It sounds like this processing process is very complicated. Fortunately, the MSER algorithm has been built in OpenCV, which can be called directly, which greatly simplifies the processing process.

The detection effect is as follows:

The result of detection is that there are various irregular detection frame shapes, and by reprocessing the coordinates of these boxes, they become rectangular boxes one by one. As shown below:

The core code is as follows:

# 读取图片
imagePath = '/data/download/test2.jpg'
img = cv2.imread(imagePath)

# 灰度化
gray = cv2.cvtColor(img, cv2.COLOR_BGR2GRAY)
vis = img.copy()
orig = img.copy()

# 调用 MSER 算法
mser = cv2.MSER_create()
regions, _ = mser.detectRegions(gray)  # 获取文本区域
hulls = [cv2.convexHull(p.reshape(-1, 1, 2)) for p in regions]  # 绘制文本区域
cv2.polylines(img, hulls, 1, (0, 255, 0))
cv2.imshow('img', img)

# 将不规则检测框处理成矩形框
keep = []
for c in hulls:
    x, y, w, h = cv2.boundingRect(c)
    keep.append([x, y, x + w, y + h])
    cv2.rectangle(vis, (x, y), (x + w, y + h), (255, 255, 0), 1)
cv2.imshow("hulls", vis)

As can be seen from the above figure, many of the detection frames are overlapping. There are small frames in the big frame, and there are intersections between the frames. Some frames only circle the radicals or certain strokes of Chinese characters, and we expect to be able to circle The outer border of the text is displayed, which is convenient for subsequent text recognition. In order to deal with these many overlapping size boxes, the NMS method (Non Maximum Suppression, non-maximum value suppression) is generally used, that is, the elements of the non-maximum value are suppressed, that is, the box that is not the largest size is suppressed, which is equivalent to removing the large box. The included small box achieves the purpose of removing duplicate areas and finding the best detection position.

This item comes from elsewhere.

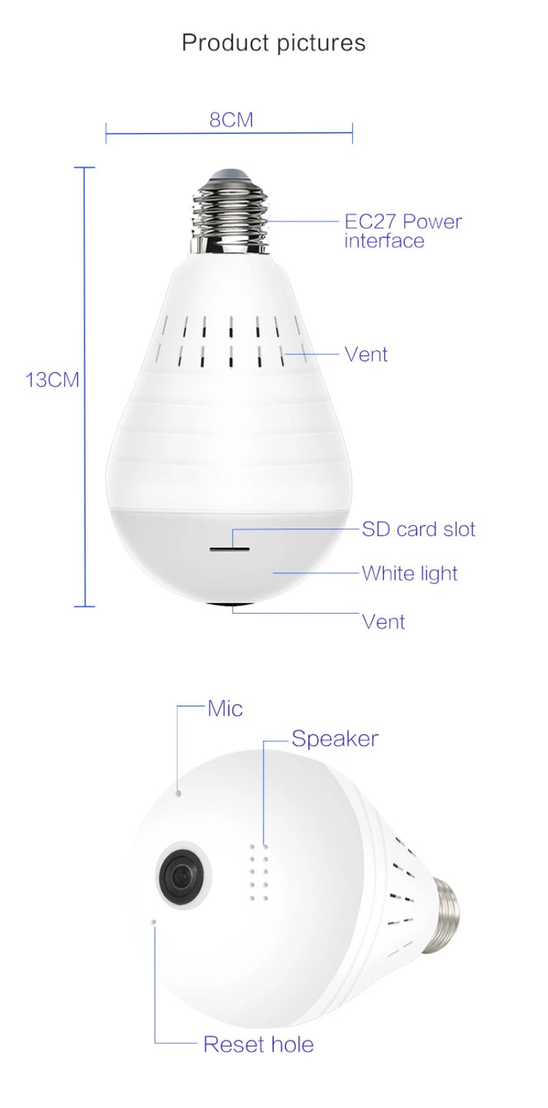 960P Wifi панорамная камера лампа 360 градусов рыбий глаз беспроводная домашняя безопасность видео наблюдение версия двухстороннее аудио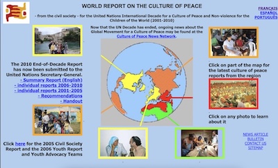 As described here earlier the International Year for a Culture of Peace, the UN General Assembly in 1998 proclaimed the Decade 2001-2010 as the International Decade for a Culture of Peace and Non-Violence for the Children of the world, and in 2000 they put UNESCO in charge of the Decade. However, by 2004 it had become evident that the new administration of UNESCO would do almost nothing to make the Decade a success. Federico Mayor agreed to provide me with some funds from his Fundación Cultura de Paz to coordinate a report about civil society initiatives for the Decade to be submitted to the UN General Assembly at for the Decade midterm in 2005.

The main process of the NMS algorithm is as follows:

  • Sort all boxes by confidence score (or by coordinates if the box doesn't have a confidence score)
  • Take the box with the highest score
  • Traverse the overlap area (IoU) of this box with the rest of the boxes
  • Delete boxes with IoU greater than a certain threshold (the threshold can be set as needed, such as 0.3, 0.5, 0.8, etc.)
  • Take the box with the highest score and repeat the process

After the above steps, the last remaining is the text detection box that does not contain overlapping parts. The core code is as follows:

# NMS 方法(Non Maximum Suppression,非极大值抑制)
def nms(boxes, overlapThresh):
    if len(boxes) == 0:
        return []

    if boxes.dtype.kind == "i":
        boxes = boxes.astype("float")

    pick = []

    # 取四个坐标数组
    x1 = boxes[:, 0]
    y1 = boxes[:, 1]
    x2 = boxes[:, 2]
    y2 = boxes[:, 3]

    # 计算面积数组
    area = (x2 - x1 + 1) * (y2 - y1 + 1)

    # 按得分排序(如没有置信度得分,可按坐标从小到大排序,如右下角坐标)
    idxs = np.argsort(y2)

    # 开始遍历,并删除重复的框
    while len(idxs) > 0:
        # 将最右下方的框放入pick数组
        last = len(idxs) - 1
        i = idxs[last]
        pick.append(i)

        # 找剩下的其余框中最大坐标和最小坐标
        xx1 = np.maximum(x1[i], x1[idxs[:last]])
        yy1 = np.maximum(y1[i], y1[idxs[:last]])
        xx2 = np.minimum(x2[i], x2[idxs[:last]])
        yy2 = np.minimum(y2[i], y2[idxs[:last]])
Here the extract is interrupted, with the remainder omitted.